## THE INPUT:
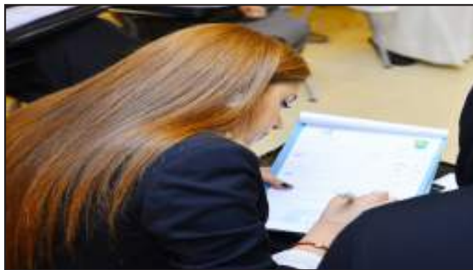
● معايير واضحة للتحكيم

ووجهت العصفور حديثها إلى الطلبة قائلة: نصيحتي لكم يا طلبة جامعة الكويت بأن تخوضوا تجربة المناظرات بنفس شامخة وعين ترى الأمل في كل مجال وتذكروا أن الفوز لا يكمن في الحصول على اللقب، إنما الفوز بحد ذاته هو المشاركة، وأضافت: من يجعل
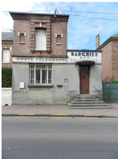
L'élévation principale. IVR22_20138015978NUC1A
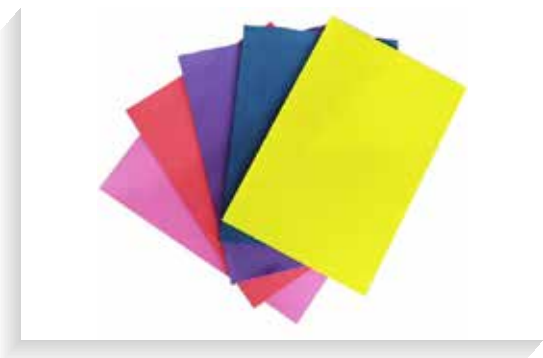
Lámina de cartón paja en 1/8 color crema. Tamaño 25 x 35 cm. Paquete x 10 unidades, así mismo en otras presentaciones.
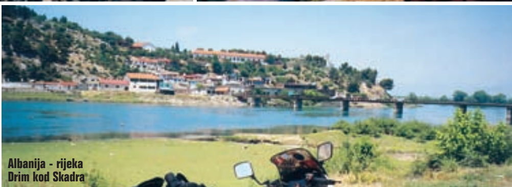
Albanija - rijeka Drim kod Skadra

metara, sve do Broda na Drini, bog kao da je zaboravio na ove krajeve. Nakon što sam granicu prešao drvenim mostom, cesta postaje uska i poluasfaltirana, tj. s rastrganim starim asfaltom, pa se osjećam kao nekada u Albaniji. Između Broda na Drini i Sarajeva vozim po dobroj cesti kanjonom rijeke Bistrice, a
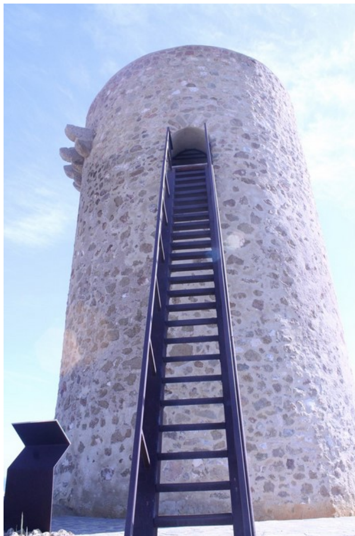
Escaleras de acceso a la Torre del Rayo
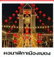
หอนาฬิกาเมืองเบตง
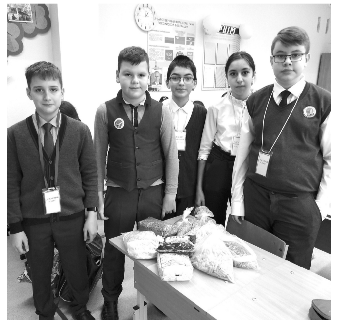
Ребята 5 А класса передали гостинец подопечным фонда
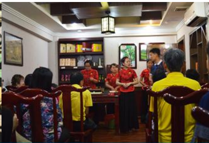
ร้านใบชา
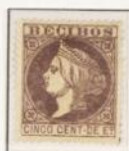
Cambios de color

1º de Enero 1867 hasta 1 de Enero 1868 Busto de la Reina Isabel. Lema en el cartucho superior "Recibos" y Sets en el cartucho inferior. Grabador José Pérez Varela. Dentado 14.
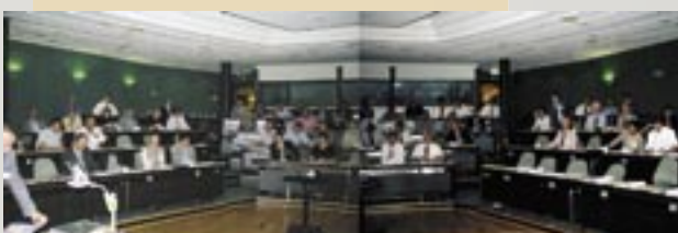
Konferanser og medlemsmøter
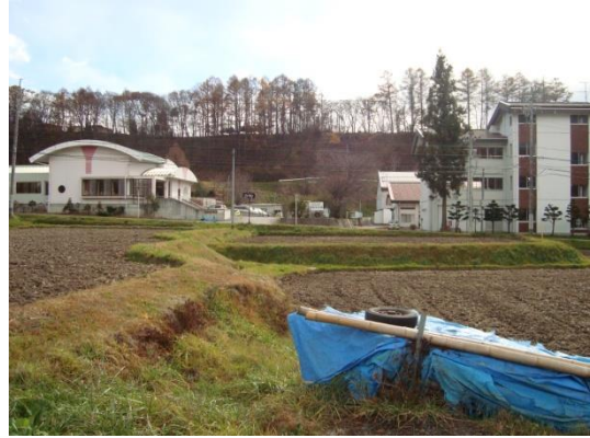
8 柳川入口 01
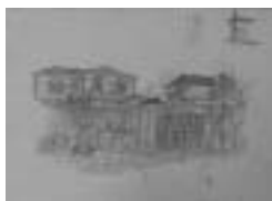
映画「樋口一葉」のためのデッサン
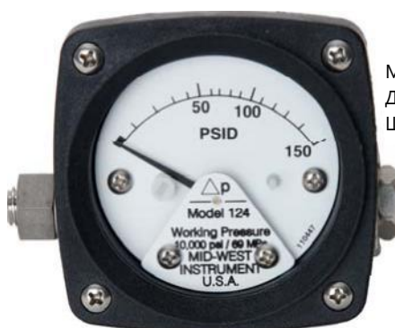
Модель 124 Давление 0-150 PSID Шкала 2 1/2"

Недорогой дифференциальный манометр для использования в измерениях перепада давления на фильтрах, сетчатых фильтрах, сепараторах, клапанах, насосах, холодильных установках, и т.д., и для местной индикации и регулировки
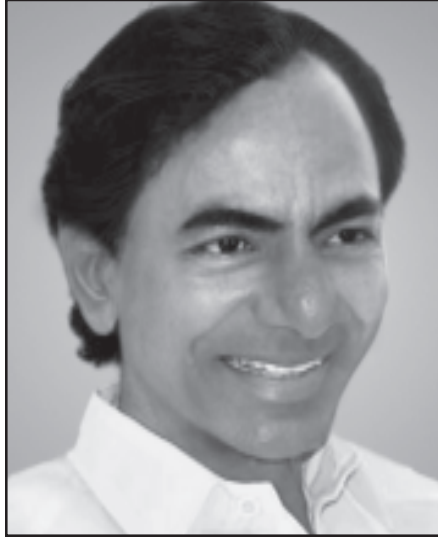
తెలంగాణ తొలి ముఖ్యమంత్రివర్యులు శ్రీ కల్వకుంట్ల చంద్రశేఖర్ రావు గారు
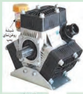
پمپ سه پاش بوم دار
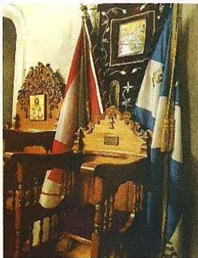
Τό στασίδιον τοῦ περπολιχοῦ Κωνσταντίνου Κανάρη εἰς τόν Ἱ. Ναόν Ἁγίων Ἀποστόλων Κυψέλης.

## ABOUT THIS TASK:
Leave the images out and transcribe the remaining data above word for word.

## SOLVED EXERCISE:
● معايير واضحة للتحكيم

ووجهت العصفور حديثها إلى الطلبة قائلة: نصيحتي لكم يا طلبة جامعة الكويت بأن تخوضوا تجربة المناظرات بنفس شامخة وعين ترى الأمل في كل مجال وتذكروا أن الفوز لا يكمن في الحصول على اللقب، إنما الفوز بحد ذاته هو المشاركة، وأضافت: من يجعل
L'élévation principale. IVR22_20138015978NUC1A
Lámina de cartón paja en 1/8 color crema. Tamaño 25 x 35 cm. Paquete x 10 unidades, así mismo en otras presentaciones.
Albanija - rijeka Drim kod Skadra

metara, sve do Broda na Drini, bog kao da je zaboravio na ove krajeve. Nakon što sam granicu prešao drvenim mostom, cesta postaje uska i poluasfaltirana, tj. s rastrganim starim asfaltom, pa se osjećam kao nekada u Albaniji. Između Broda na Drini i Sarajeva vozim po dobroj cesti kanjonom rijeke Bistrice, a
Escaleras de acceso a la Torre del Rayo
หอนาฬิกาเมืองเบตง
Ребята 5 А класса передали гостинец подопечным фонда
ร้านใบชา
Cambios de color

1º de Enero 1867 hasta 1 de Enero 1868 Busto de la Reina Isabel. Lema en el cartucho superior "Recibos" y Sets en el cartucho inferior. Grabador José Pérez Varela. Dentado 14.
Konferanser og medlemsmøter
8 柳川入口 01
映画「樋口一葉」のためのデッサン
Модель 124 Давление 0-150 PSID Шкала 2 1/2"

Недорогой дифференциальный манометр для использования в измерениях перепада давления на фильтрах, сетчатых фильтрах, сепараторах, клапанах, насосах, холодильных установках, и т.д., и для местной индикации и регулировки
తెలంగాణ తొలి ముఖ్యమంత్రివర్యులు శ్రీ కల్వకుంట్ల చంద్రశేఖర్ రావు గారు
پمپ سه پاش بوم دار
Τό στασίδιον τοῦ περπολιχοῦ Κωνσταντίνου Κανάρη εἰς τόν Ἱ. Ναόν Ἁγίων Ἀποστόλων Κυψέλης.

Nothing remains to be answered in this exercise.